The airboat pilot kills the engine, and we carefully step out and onto a giant expanse of cracked mud. “It’s like the surface of the moon,” says Sutherlin. It’s barren, all right. I have to walk carefully on the solid surfaces, which are separated like pillars with masses of goopy muck in between and underneath — after all, they deposited 3.2 million cubic yards of mud here.
Building up the elevation of the marsh buffers it against erosion and sea level rise, which has contributed to marsh decline here for decades.
“Settlement will occur across the entire area,” explains Rezsutek, “so the end product will have similar contours — ponds, channels, high marsh — as the degrading marsh, just at a slightly higher elevation.”
All the mud gets tested to make sure it does not have any chemicals that could be toxic to wildlife or plants. When it’s ready, the mud is transported from the terminal to the marsh through a giant pipe, and then workers allow the mud to settle before planting three different marsh grass species. Sutherlin points out the rows of newly planted salt grass, marsh hay and seashore paspalum.
“We have to re-establish vegetation on the landscape to get the habitat to function,” he says.
Within a few months, this entire area will be covered in verdant marsh grasses — along with feeding shorebirds.
“Historically, this was fresh to intermediate marsh. Changes to the hydrology cut off freshwater flows, and the Sabine-Neches Waterway allowed salt to come in a big way,” says Sutherlin.
Right now the restored mud marsh is brackish, but as a mosaic of emergent plants gets re-established over time, it should become less salty. TPWD has plans to reduce the volume of salt water that reaches the marsh here, and then over time, the region’s notoriously heavy rainfalls will help keep fresh water in the marsh.

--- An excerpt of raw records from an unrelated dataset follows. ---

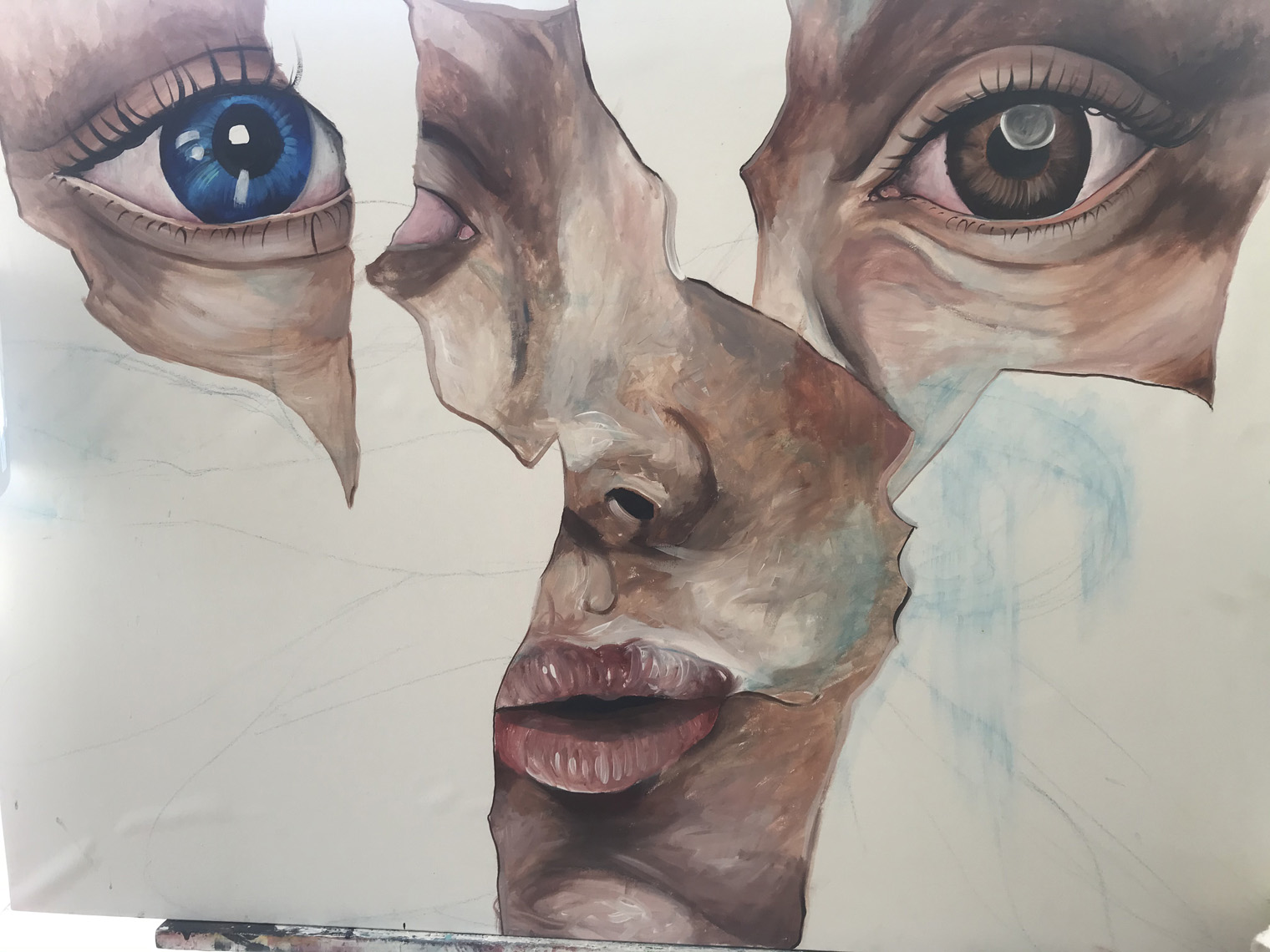 I commented that the eyes in her paintings were very expressive and seemed to be an important part of her work. Fifi said that the eyes are where she starts and moves from them to complete the paintings. Often on Facebook, she posts the progress on her paintings (see a sample below) that shows this initial focus on the eyes.
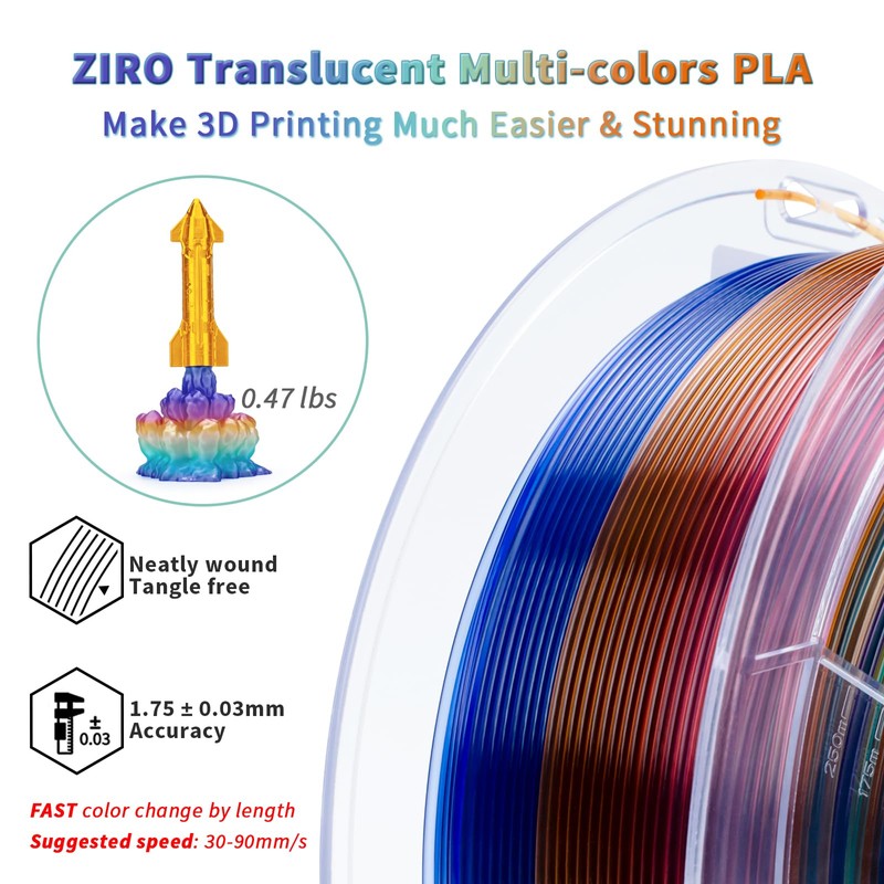 - [Fast Color Changing PLA]- The ZIRO "Crystal Prism" combined multiple bright colors with semi-transparent PLA base. Higher-cost production technology to achieve the true faster color changing aim. It's creative color design & translucent feature offering a super stuning look, giving your 3D works a unique style. (Different thickness of model's wall will show different light transmittance )
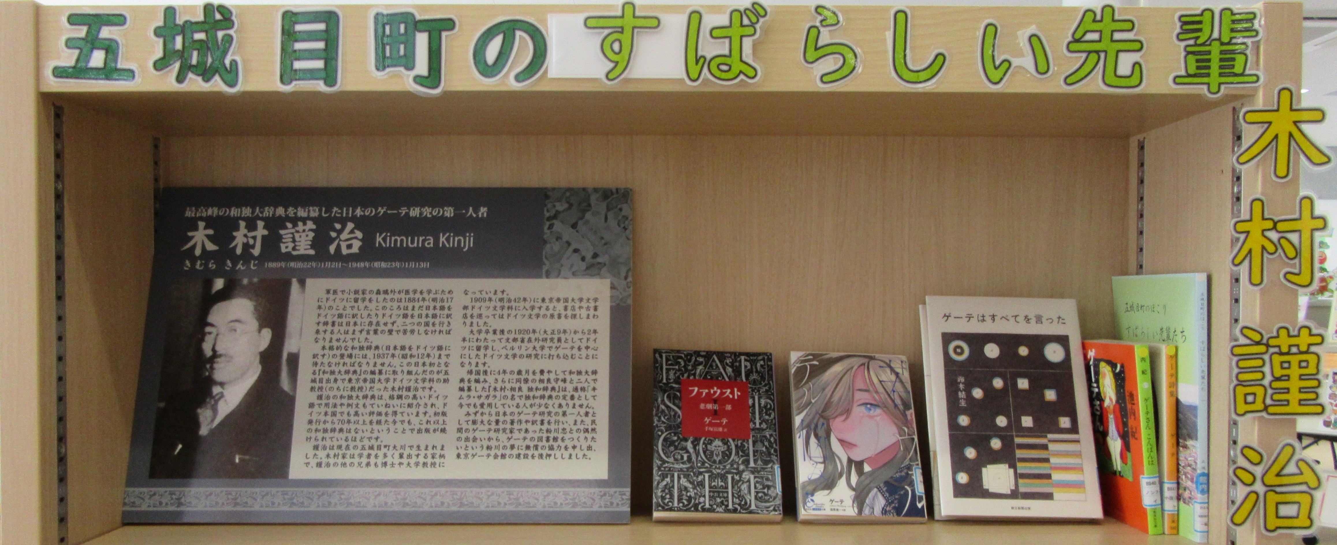 謹治さんが研究に打ち込んだ、ゲーテに関する本を集めた特別コーナーを設置いたしましたので、ぜひご覧ください。
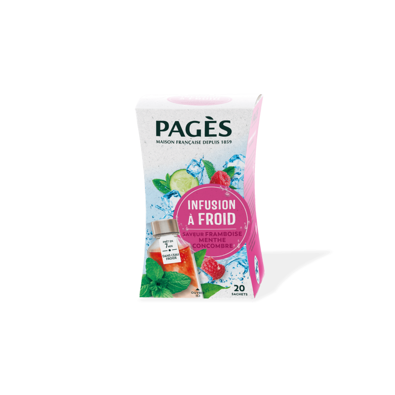 Cette délicieuse infusion allie les saveurs de Framboise, de Menthe et de Concombre pour créer une boisson rafraîchissante.
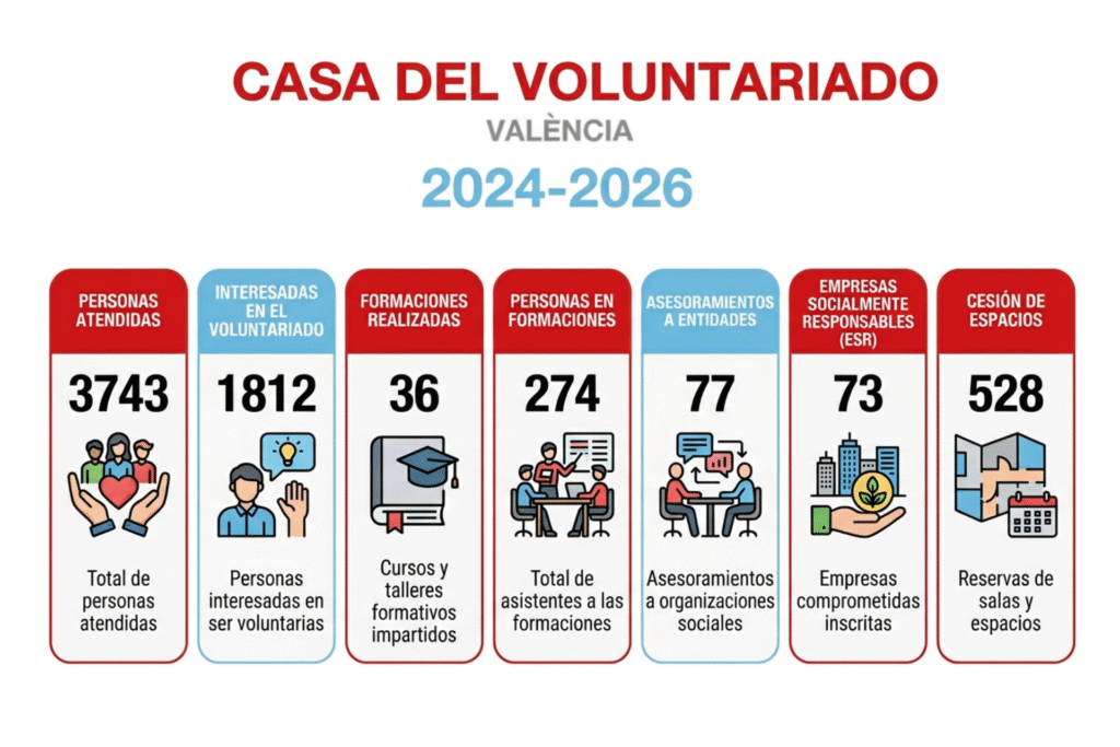 Cuando abrimos las puertas, hace ahora dos años, teníamos claro para qué queríamos estar aquí: acompañar, conectar y dar apoyo a todas las personas y entidades que hacen del voluntariado una forma de transformar Valencia. Lo que no sabíamos era la cantidad de historias que íbamos a tener el privilegio de cruzarnos por el camino.
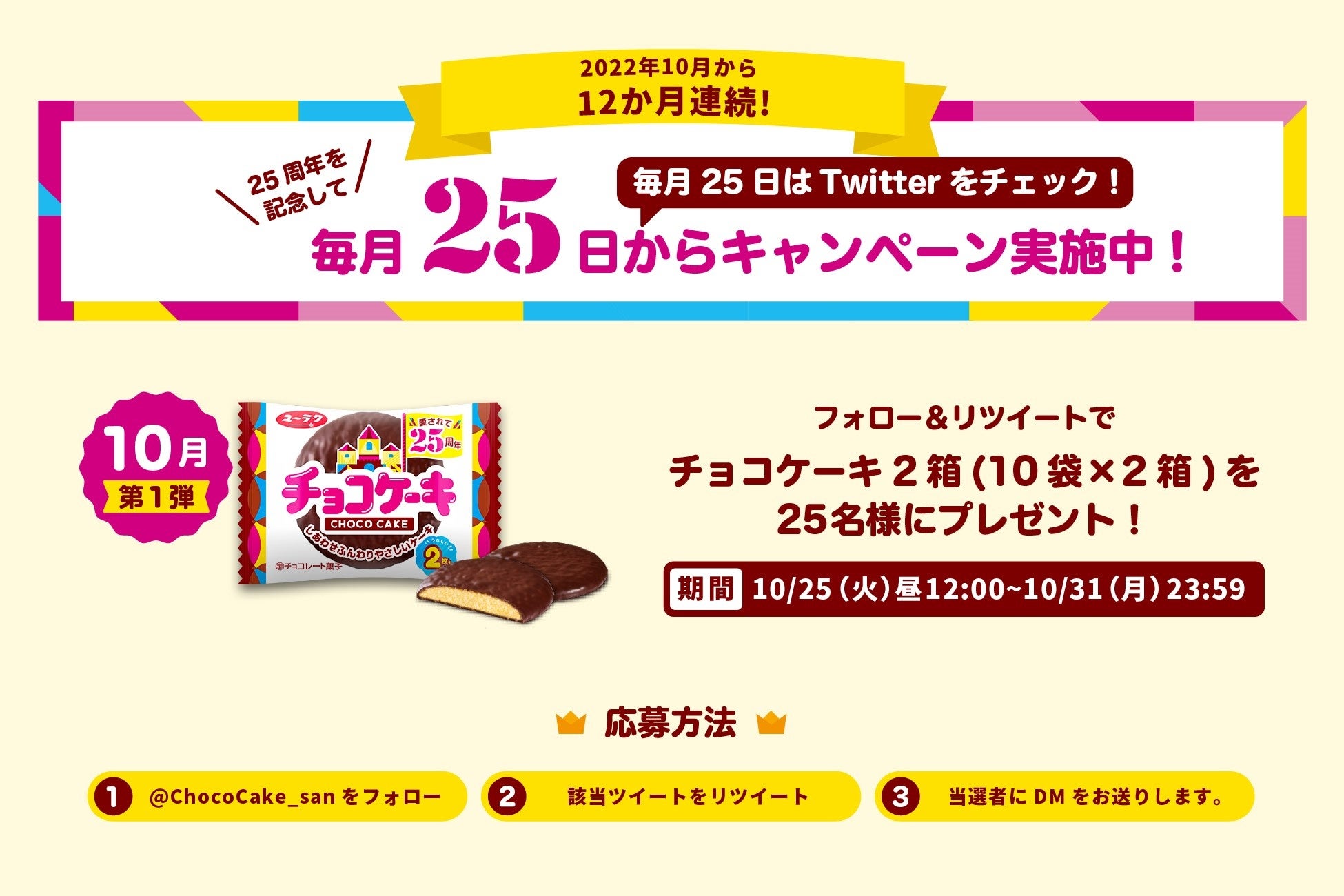 ユーラク「チョコケーキ」25周年を記念し、より多くのみなさまにチョコケーキのおいしさを知っていただけるよう、2022年10月より12か月連続でチョコケーキが当たるキャンペーンを実施します。25周年に掛けて、毎月25日からスタートするキャンペーンをどうぞお楽しみに♪

“Our intent is to restore the hydrology to a point where we simulate the historic functions of that landscape,” Sutherlin says.
The project exemplifies how TPWD can work with industry to create win-win situations. Besides Golden Pass’ terminal, there are billions of cubic yards of dredge spoil that comes out of these channels every year, some of which is now used in various “beneficial use” projects around Texas bays and estuaries.
“We can complain about the navigation folks all we want to, but when we start to solve this is when we start working with them to use every ounce, every cubic foot of this material that comes out of the ship channel,” says Sutherlin.
“I think that we are growing as professionals as a result of things like Hurricane Ike that just devastate the whole system,” Sutherlin adds. “It allows us to really begin to build our vision for how the Texas coast might be maintained.”